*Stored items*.
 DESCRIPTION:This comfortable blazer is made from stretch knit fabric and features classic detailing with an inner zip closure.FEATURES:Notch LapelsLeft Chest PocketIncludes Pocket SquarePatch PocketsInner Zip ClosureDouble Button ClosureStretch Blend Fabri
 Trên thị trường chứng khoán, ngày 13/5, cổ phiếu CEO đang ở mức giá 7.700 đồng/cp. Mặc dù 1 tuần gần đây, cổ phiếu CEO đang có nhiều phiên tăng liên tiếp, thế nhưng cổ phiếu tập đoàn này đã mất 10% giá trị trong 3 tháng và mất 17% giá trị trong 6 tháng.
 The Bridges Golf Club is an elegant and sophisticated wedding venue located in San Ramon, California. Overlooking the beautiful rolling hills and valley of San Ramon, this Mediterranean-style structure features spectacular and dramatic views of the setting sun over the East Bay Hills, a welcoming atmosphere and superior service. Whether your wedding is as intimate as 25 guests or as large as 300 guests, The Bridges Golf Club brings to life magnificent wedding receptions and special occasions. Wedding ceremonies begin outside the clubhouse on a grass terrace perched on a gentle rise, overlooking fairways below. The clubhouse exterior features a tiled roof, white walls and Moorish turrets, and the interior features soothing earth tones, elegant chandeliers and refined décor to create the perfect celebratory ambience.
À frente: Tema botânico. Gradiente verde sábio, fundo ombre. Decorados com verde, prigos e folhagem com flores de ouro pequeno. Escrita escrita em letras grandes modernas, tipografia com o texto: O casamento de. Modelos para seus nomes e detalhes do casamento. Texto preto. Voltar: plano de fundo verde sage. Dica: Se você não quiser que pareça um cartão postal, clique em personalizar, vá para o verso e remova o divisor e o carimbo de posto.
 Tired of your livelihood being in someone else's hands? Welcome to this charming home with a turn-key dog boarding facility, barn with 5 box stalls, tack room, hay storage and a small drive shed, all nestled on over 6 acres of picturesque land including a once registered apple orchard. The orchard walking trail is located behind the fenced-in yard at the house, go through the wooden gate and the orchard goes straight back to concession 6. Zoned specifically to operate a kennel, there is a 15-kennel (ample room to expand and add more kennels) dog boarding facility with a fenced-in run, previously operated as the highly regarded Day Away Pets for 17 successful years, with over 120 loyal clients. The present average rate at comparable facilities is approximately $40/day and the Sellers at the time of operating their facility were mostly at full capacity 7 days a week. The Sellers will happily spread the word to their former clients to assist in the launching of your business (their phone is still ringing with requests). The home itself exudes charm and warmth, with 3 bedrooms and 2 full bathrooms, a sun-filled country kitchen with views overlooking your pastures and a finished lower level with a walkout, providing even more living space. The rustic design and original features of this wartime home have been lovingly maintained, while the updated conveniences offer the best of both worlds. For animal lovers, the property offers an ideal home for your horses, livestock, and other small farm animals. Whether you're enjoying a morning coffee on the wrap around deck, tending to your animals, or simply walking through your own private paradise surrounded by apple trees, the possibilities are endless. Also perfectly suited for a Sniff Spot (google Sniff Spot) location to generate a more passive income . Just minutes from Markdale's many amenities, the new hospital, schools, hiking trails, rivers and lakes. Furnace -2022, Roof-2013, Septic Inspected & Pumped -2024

*REQUIREMENT*. Restate the data word for word, leaving nothing out.

*TASK RESULT*.
 DESCRIPTION:This comfortable blazer is made from stretch knit fabric and features classic detailing with an inner zip closure.FEATURES:Notch LapelsLeft Chest PocketIncludes Pocket SquarePatch PocketsInner Zip ClosureDouble Button ClosureStretch Blend Fabri
 Trên thị trường chứng khoán, ngày 13/5, cổ phiếu CEO đang ở mức giá 7.700 đồng/cp. Mặc dù 1 tuần gần đây, cổ phiếu CEO đang có nhiều phiên tăng liên tiếp, thế nhưng cổ phiếu tập đoàn này đã mất 10% giá trị trong 3 tháng và mất 17% giá trị trong 6 tháng.
 The Bridges Golf Club is an elegant and sophisticated wedding venue located in San Ramon, California. Overlooking the beautiful rolling hills and valley of San Ramon, this Mediterranean-style structure features spectacular and dramatic views of the setting sun over the East Bay Hills, a welcoming atmosphere and superior service. Whether your wedding is as intimate as 25 guests or as large as 300 guests, The Bridges Golf Club brings to life magnificent wedding receptions and special occasions. Wedding ceremonies begin outside the clubhouse on a grass terrace perched on a gentle rise, overlooking fairways below. The clubhouse exterior features a tiled roof, white walls and Moorish turrets, and the interior features soothing earth tones, elegant chandeliers and refined décor to create the perfect celebratory ambience.
À frente: Tema botânico. Gradiente verde sábio, fundo ombre. Decorados com verde, prigos e folhagem com flores de ouro pequeno. Escrita escrita em letras grandes modernas, tipografia com o texto: O casamento de. Modelos para seus nomes e detalhes do casamento. Texto preto. Voltar: plano de fundo verde sage. Dica: Se você não quiser que pareça um cartão postal, clique em personalizar, vá para o verso e remova o divisor e o carimbo de posto.
 Tired of your livelihood being in someone else's hands? Welcome to this charming home with a turn-key dog boarding facility, barn with 5 box stalls, tack room, hay storage and a small drive shed, all nestled on over 6 acres of picturesque land including a once registered apple orchard. The orchard walking trail is located behind the fenced-in yard at the house, go through the wooden gate and the orchard goes straight back to concession 6. Zoned specifically to operate a kennel, there is a 15-kennel (ample room to expand and add more kennels) dog boarding facility with a fenced-in run, previously operated as the highly regarded Day Away Pets for 17 successful years, with over 120 loyal clients. The present average rate at comparable facilities is approximately $40/day and the Sellers at the time of operating their facility were mostly at full capacity 7 days a week. The Sellers will happily spread the word to their former clients to assist in the launching of your business (their phone is still ringing with requests). The home itself exudes charm and warmth, with 3 bedrooms and 2 full bathrooms, a sun-filled country kitchen with views overlooking your pastures and a finished lower level with a walkout, providing even more living space. The rustic design and original features of this wartime home have been lovingly maintained, while the updated conveniences offer the best of both worlds. For animal lovers, the property offers an ideal home for your horses, livestock, and other small farm animals. Whether you're enjoying a morning coffee on the wrap around deck, tending to your animals, or simply walking through your own private paradise surrounded by apple trees, the possibilities are endless. Also perfectly suited for a Sniff Spot (google Sniff Spot) location to generate a more passive income . Just minutes from Markdale's many amenities, the new hospital, schools, hiking trails, rivers and lakes. Furnace -2022, Roof-2013, Septic Inspected & Pumped -2024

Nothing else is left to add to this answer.